La responsabilité du parti qui débauche est double. Premièrement, un tel processus pourrait devenir une coutume dans la vie politique, ce qui porterait un coup irréparable à la conception de la démocratie et au système électoral. Deuxièmement, un parti qui lance de telles invitations, ouvertes ou cachées, trahit à la fois sa propre base électorale et celle du candidat importé. Les multiples destructions sociales que de telles manœuvres politiques peuvent engendrer se transforment avec le temps en une gangrène qui ronge la démocratie et le système électoral, dont le retour en arrière peut être à la fois long et très coûteux.
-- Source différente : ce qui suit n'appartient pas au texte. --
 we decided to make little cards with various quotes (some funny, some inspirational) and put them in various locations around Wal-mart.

Malheureusement, de telles pathologies ont été observées par le passé dans la politique turque, mais il est curieux de constater que ni les effets éthiques et sociaux de cette question n'ont été suffisamment abordés, ni aucune mesure préventive n'a été envisagée. Pour donner un exemple d'histoires douloureuses du passé, on se souvient de ces anciens « gauchistes radicaux » qui ont fini par se transformer en propagandistes d'Özal. De tels comportements ne peuvent être défendus au nom de la liberté ou de l'épanouissement personnel, car pour que ces actes soient présentés comme ayant été faits au nom de la liberté, du développement personnel ou de l'évolution, il faudrait que des changements profonds aient eu lieu pendant la période écoulée pour justifier de telles transformations, et que ceux qui opèrent ces changements les expliquent avec une clarté telle que le peuple puisse les accepter.
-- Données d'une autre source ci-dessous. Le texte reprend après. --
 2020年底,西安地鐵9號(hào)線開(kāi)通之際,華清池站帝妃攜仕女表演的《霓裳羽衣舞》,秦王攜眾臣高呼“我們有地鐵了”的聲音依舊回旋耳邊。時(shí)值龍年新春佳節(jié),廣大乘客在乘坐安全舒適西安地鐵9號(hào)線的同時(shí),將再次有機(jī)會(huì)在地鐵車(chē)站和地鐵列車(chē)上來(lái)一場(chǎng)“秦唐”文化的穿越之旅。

En Turquie, une lutte politique très difficile est menée en sous-main au nom de la démocratie et des libertés. Cette lutte dépasse largement le cadre purement politique ; c'est presque une sorte de résistance nationale et de lutte pour la libération. En effet, si l'on regarde les 20 dernières années, la vente à vil prix d'institutions publiques puissantes et prestigieuses, alors sous l'emprise de l'impérialisme, et la mise en situation de faiblesse de l'État sur de nombreux sujets, sont peut-être conformes aux objectifs de l'impérialisme, mais ne sont pas conformes à l'intérêt national. Un autre point est que, contrairement à la première période des 23 ans de pouvoir, l'effondrement profond vécu lors de la seconde période est la preuve évidente que la politique qualifiée de « cause » n'est pas dans l'intérêt du peuple. Oui, nous avons créé des riches, mais nous avons rendu la majorité du peuple dépendante de l'aide. Oui, nous soutenons ceux qui sont devenus dépendants de l'aide par le biais de l'assistance sociale. Cependant, la politique et le slogan « appauvrir et fournir un soutien » ne sont compatibles ni avec la démocratie, ni avec les droits de l'homme. L'enjeu n'est pas d'étendre l'aide sociale, mais d'éliminer le besoin d'aide sociale.
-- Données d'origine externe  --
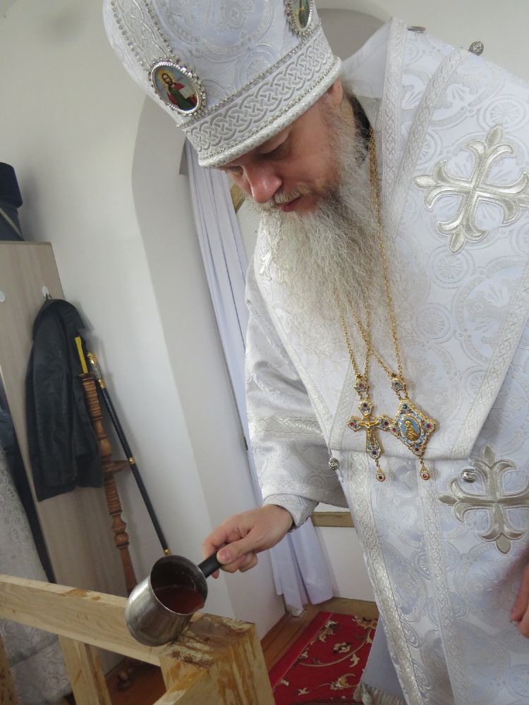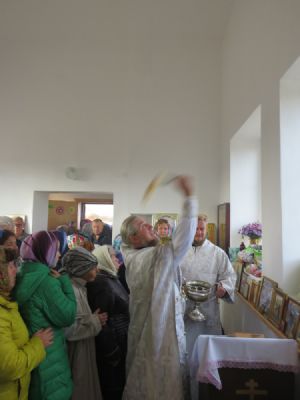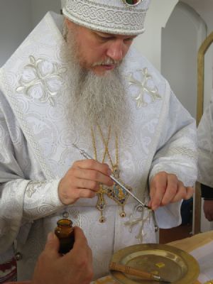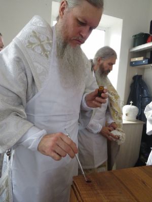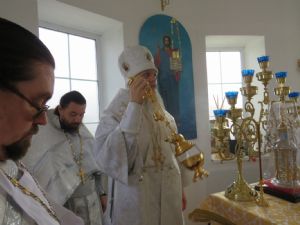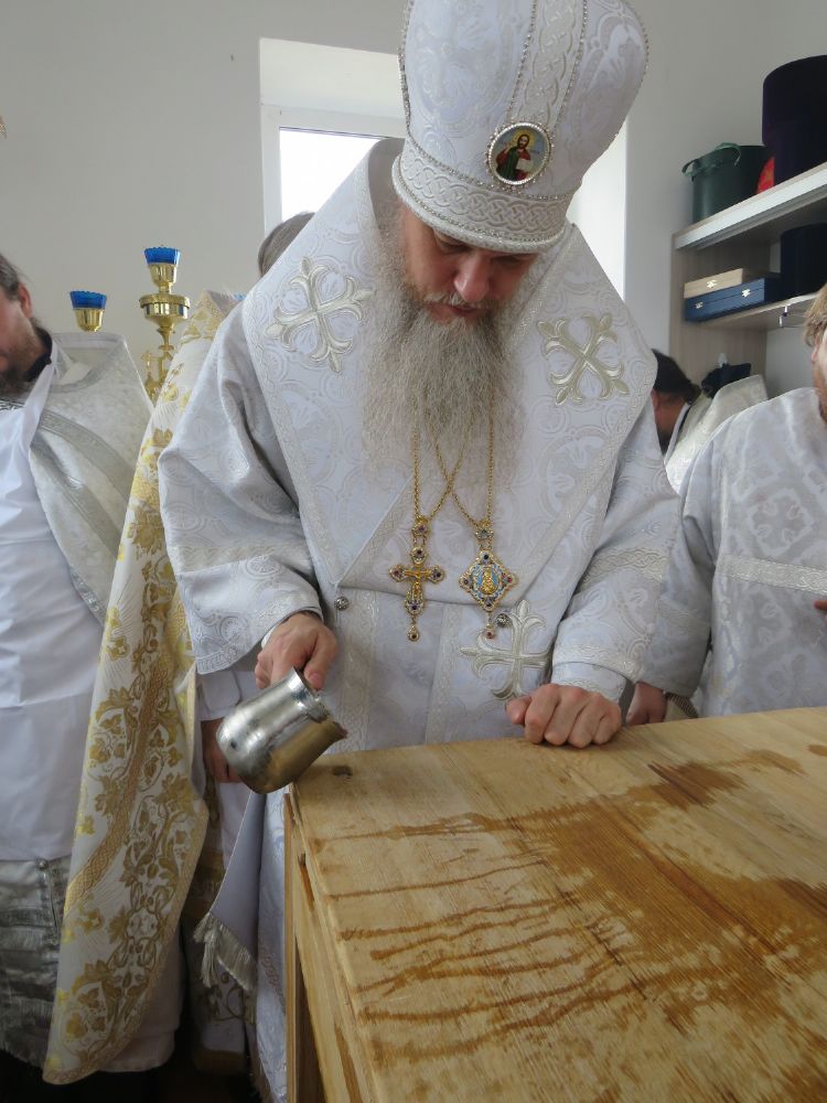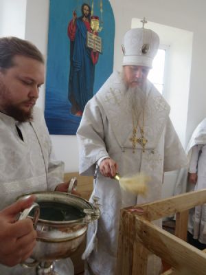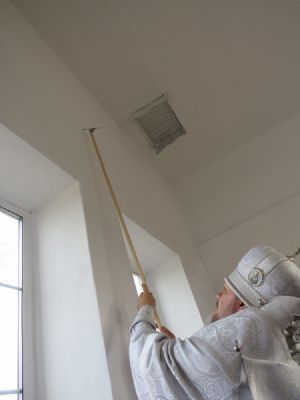 После освящения престола освящается и весь храм каждением, молитвою, кроплением святой водою и миропомазанием крестообразно стен, сперва над горним местом, потом над вратами — западными, южными и северными.

Maintenant, en tant qu'électeur, je demande à ceux qui changent de parti : pourquoi, alors que la première période de l'AKP était positive, nous sommes-nous enfoncés dans un tel bourbier de crise profonde lors de la dernière période ? Était-ce l'effet du programme du FMI lors de la première période ? Si la réponse est positive, ma première question sera la suivante : la Turquie doit-elle être gouvernée non pas par un parti politique, mais toujours par le FMI ? Ma deuxième question sera : l'effet des « ballons roses » de la première période pourrait-il être la cause de notre basculement dans la crise profonde de la seconde période ? Comment se fait-il qu'en 2017, avec le passage en grande pompe à un système présidentiel sans équivalent dans le monde, une telle crise soit vécue et que, malheureusement, on persiste dans ce système politique ? Il est certain que ceux qui changent de parti sans apporter de réponses convaincantes à ces questions à la société sont responsables devant l'histoire.